Но рассердиться как следует он так и не сумел, а на озеро Запесочье попал только осенью.
Теперь осока по его берегам была выкошена. Лежало оно открытое и доступное со всех сторон, и с того берега на этот шли по нему волны с гребнями. Если закрыть глаза, то на слух можно подумать: не озеро это, а большая холодная река, до того громко гудят волны.
Только что пароходов нет.
Над круглым заливом кружились две чайки и громко кричали.
Алёша подошёл поближе.
На волнах что-то шевелилось, и чайки с отчаянием в голосах носились над шевелением.
«Кого это они убивают?» — подумал Алёша и закричал:
— Эй, что вы делаете?
Чайки будто не слышали.
Вот одна клювом зацепила живое, попыталась поднять, и Алёша увидел, что на волнах качается голубь. Чайка развернула его крыло, но удержать не смогла, и намокшее крыло упало в воду, а чайка взвилась в воздух.
Теперь обе чайки опустились над голубем, в оба клюва, сначала одна, а потом другая, ухватили его, подняли и понесли было к берегу, но он с плеском обрушился в воду.

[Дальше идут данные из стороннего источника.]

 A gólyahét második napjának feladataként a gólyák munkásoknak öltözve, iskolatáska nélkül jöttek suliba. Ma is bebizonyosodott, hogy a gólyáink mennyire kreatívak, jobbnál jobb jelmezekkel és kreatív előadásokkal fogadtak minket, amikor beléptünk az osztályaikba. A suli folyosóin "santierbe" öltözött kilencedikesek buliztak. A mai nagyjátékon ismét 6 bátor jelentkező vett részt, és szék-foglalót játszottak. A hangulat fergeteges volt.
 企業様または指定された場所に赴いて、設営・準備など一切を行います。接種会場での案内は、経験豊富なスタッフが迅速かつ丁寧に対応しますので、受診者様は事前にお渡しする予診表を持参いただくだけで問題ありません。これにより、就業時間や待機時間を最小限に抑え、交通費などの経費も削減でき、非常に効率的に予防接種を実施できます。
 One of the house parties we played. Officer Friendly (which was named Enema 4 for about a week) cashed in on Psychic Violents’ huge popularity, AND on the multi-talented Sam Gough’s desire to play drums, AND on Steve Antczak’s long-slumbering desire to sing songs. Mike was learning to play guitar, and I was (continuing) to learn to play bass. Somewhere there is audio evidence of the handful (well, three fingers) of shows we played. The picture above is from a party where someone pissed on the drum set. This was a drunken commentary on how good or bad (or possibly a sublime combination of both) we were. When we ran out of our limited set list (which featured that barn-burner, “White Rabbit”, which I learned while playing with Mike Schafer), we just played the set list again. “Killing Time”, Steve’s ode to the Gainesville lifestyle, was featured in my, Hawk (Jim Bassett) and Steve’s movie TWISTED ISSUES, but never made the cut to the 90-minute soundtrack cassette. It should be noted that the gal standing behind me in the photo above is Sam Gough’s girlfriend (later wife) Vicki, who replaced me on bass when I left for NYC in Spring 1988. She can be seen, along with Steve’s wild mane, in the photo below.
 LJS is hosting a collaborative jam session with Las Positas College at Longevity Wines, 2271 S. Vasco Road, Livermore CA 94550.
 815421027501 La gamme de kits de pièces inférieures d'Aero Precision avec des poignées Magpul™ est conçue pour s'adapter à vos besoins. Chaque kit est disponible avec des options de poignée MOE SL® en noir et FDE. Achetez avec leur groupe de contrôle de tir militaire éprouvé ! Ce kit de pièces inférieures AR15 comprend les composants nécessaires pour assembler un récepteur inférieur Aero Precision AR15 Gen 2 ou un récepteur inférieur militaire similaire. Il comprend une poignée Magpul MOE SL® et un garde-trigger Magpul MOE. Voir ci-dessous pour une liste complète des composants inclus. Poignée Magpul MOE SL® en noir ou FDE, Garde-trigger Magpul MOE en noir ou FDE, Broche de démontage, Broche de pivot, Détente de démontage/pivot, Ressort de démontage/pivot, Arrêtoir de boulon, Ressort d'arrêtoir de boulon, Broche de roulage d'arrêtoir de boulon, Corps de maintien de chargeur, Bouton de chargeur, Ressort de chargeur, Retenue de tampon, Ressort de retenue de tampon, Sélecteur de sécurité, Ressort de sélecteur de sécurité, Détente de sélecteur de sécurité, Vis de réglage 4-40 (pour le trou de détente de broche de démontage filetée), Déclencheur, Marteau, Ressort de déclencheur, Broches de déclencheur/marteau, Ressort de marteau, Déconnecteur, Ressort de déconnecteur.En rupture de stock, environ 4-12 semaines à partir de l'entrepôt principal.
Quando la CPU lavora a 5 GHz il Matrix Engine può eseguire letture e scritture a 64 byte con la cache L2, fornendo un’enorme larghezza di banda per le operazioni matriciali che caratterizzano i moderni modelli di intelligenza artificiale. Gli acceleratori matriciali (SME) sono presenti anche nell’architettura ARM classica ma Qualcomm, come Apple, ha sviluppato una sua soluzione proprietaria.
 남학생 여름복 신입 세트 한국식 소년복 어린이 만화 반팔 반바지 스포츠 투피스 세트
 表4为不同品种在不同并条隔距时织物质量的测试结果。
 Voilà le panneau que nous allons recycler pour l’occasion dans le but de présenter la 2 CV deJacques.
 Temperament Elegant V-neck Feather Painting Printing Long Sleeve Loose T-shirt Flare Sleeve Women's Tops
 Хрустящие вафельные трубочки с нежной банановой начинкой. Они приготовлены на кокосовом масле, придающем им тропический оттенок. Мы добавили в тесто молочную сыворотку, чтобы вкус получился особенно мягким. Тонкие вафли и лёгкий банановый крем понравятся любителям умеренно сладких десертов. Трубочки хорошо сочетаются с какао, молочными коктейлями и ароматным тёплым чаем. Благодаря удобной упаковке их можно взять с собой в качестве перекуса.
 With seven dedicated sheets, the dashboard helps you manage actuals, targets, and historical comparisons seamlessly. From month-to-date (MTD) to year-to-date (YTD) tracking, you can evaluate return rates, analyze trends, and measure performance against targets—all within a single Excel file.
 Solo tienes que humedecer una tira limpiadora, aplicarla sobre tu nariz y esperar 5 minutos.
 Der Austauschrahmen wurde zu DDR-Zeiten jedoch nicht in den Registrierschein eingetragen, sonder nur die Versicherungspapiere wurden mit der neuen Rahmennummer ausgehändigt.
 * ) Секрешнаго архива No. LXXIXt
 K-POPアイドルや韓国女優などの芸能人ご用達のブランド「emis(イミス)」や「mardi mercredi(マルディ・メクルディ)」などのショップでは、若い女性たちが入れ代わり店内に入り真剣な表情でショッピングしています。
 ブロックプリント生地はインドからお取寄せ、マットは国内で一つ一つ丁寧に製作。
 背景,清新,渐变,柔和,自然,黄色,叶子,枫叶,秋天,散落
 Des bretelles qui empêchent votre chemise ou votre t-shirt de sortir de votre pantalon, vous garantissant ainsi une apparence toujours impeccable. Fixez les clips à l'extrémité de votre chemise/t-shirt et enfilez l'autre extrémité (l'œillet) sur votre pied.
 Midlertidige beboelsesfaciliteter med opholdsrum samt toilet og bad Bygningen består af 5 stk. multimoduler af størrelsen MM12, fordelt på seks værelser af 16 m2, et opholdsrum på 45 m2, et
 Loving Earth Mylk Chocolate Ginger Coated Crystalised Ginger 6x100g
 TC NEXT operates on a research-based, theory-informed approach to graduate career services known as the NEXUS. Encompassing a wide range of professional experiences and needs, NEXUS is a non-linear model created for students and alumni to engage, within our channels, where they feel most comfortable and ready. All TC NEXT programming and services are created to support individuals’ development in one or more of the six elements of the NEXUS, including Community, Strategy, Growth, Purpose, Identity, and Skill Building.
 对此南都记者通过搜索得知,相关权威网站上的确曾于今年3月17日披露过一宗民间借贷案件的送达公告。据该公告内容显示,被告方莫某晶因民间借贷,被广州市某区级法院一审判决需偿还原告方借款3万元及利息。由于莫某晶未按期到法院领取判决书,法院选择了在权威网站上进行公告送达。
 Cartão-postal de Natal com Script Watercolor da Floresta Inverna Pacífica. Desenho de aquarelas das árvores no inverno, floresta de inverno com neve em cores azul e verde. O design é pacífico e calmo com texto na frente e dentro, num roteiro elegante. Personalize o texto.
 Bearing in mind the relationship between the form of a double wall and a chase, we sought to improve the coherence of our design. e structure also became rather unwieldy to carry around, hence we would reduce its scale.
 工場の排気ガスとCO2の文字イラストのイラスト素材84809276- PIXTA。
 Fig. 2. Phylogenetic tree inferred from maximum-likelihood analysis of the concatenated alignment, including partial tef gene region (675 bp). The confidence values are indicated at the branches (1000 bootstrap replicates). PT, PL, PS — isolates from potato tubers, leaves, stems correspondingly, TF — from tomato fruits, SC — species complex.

Они не переставали кричать, и в чайкиных криках Алёше чудились не жалобы, а уговоры. Птицы словно уговаривали голубя:
«Голубчик, потерпи немножко. Ну, пожалуйста…»
Он был жив, и Алёша видел, как голубь ворочает маленькую точёную головку.
Чайки снова подняли голубя и стали набирать высоту, снова уронили его. Тяжёл, да ещё так намок, что двум птицам нести его не под силу.
А если других чаек позвать?
Где их взять — на всём большом озере Запесочье никого больше нет, ни одной живой души.
Алёша разделся догола, и ветер сразу пересчитал у него все рёбрышки — до того холодно поздней осенью.
— «Врагу не сдаётся наш гордый Варяг!» — запел он для бодрости и зашёл в воду. Она обручем сдавила грудь, не то что петь — дышать не давала, а он, не давая себе опомниться, сажёнками поплыл к голубю.
Голубь был лёгонький и мокрый, как тряпичный, и Алёша высоко держал его в левой руке и грёб одной правой.
Хорошо, что волны помогали, — толкали в спину.
А чайки провожали его до самого берега. От ледяной воды Алёша плохо слышал, но в чайкиных криках ему угадывалась озабоченность:
«Голубя не могли спасти, а этого и подавно».
И сострадание:
«Голубчик, потерпи немножко. Ну, пожалуйста…»
На берегу на ветру он первым делом дал стечь воде с голубя — держал его вниз головой. Влага вытекала из клюва, и голубь, задыхаясь, вздрагивал и порскал, будто кашлял.
— Всё? — сказал Алёша. — Посиди. Я сейчас оденусь и тебя за пазухой домой принесу.
Он посадил голубя на отаву, стал натягивать на себя одежду. А голубь тем временем пошевелил крыльями, с хлопаньем поднялся в воздух, обогнул Алёшу и полетел по ветру от озера.
— Погоди! — позвал его мальчуган. — Куда ты?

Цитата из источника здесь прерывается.